▶ **What you will do**
Return only the lines below starting at the line containing "Our paper flower" and ending at the line containing "This model features", both included, exactly as they are and with no pictures.

▶ **Provided data**

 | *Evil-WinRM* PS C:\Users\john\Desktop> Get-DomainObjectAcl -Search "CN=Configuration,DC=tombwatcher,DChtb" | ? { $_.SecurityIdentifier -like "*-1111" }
==
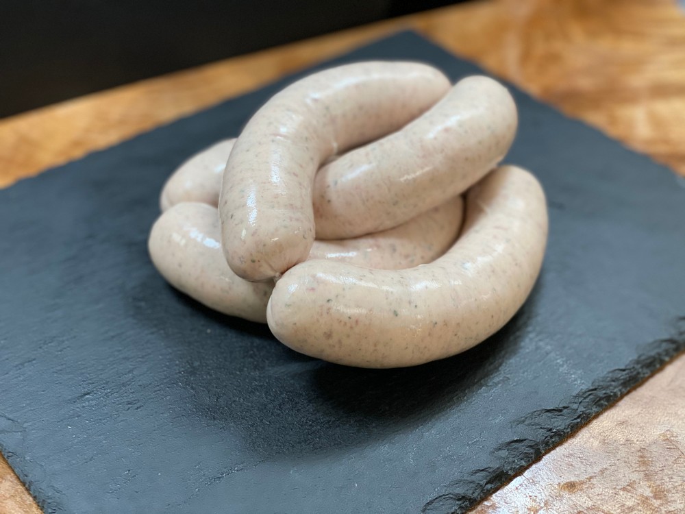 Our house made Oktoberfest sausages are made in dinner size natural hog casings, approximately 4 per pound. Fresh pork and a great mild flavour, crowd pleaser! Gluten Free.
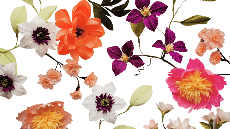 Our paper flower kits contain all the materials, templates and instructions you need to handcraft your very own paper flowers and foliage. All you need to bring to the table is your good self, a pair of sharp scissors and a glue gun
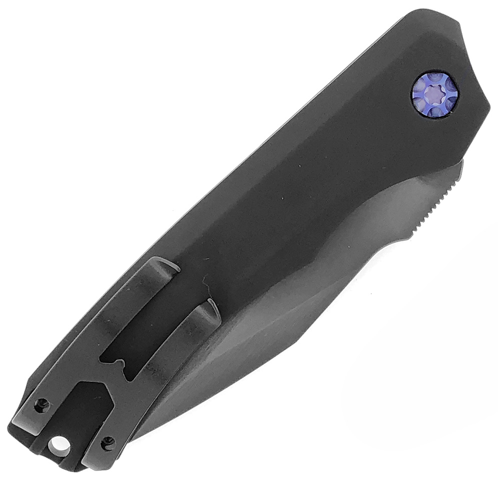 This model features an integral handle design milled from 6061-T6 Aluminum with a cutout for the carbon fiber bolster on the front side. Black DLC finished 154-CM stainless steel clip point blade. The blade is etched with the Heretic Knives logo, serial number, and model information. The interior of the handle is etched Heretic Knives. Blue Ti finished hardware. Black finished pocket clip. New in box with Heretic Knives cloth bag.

▶ **Answer space**
 Our paper flower kits contain all the materials, templates and instructions you need to handcraft your very own paper flowers and foliage. All you need to bring to the table is your good self, a pair of sharp scissors and a glue gun
 This model features an integral handle design milled from 6061-T6 Aluminum with a cutout for the carbon fiber bolster on the front side. Black DLC finished 154-CM stainless steel clip point blade. The blade is etched with the Heretic Knives logo, serial number, and model information. The interior of the handle is etched Heretic Knives. Blue Ti finished hardware. Black finished pocket clip. New in box with Heretic Knives cloth bag.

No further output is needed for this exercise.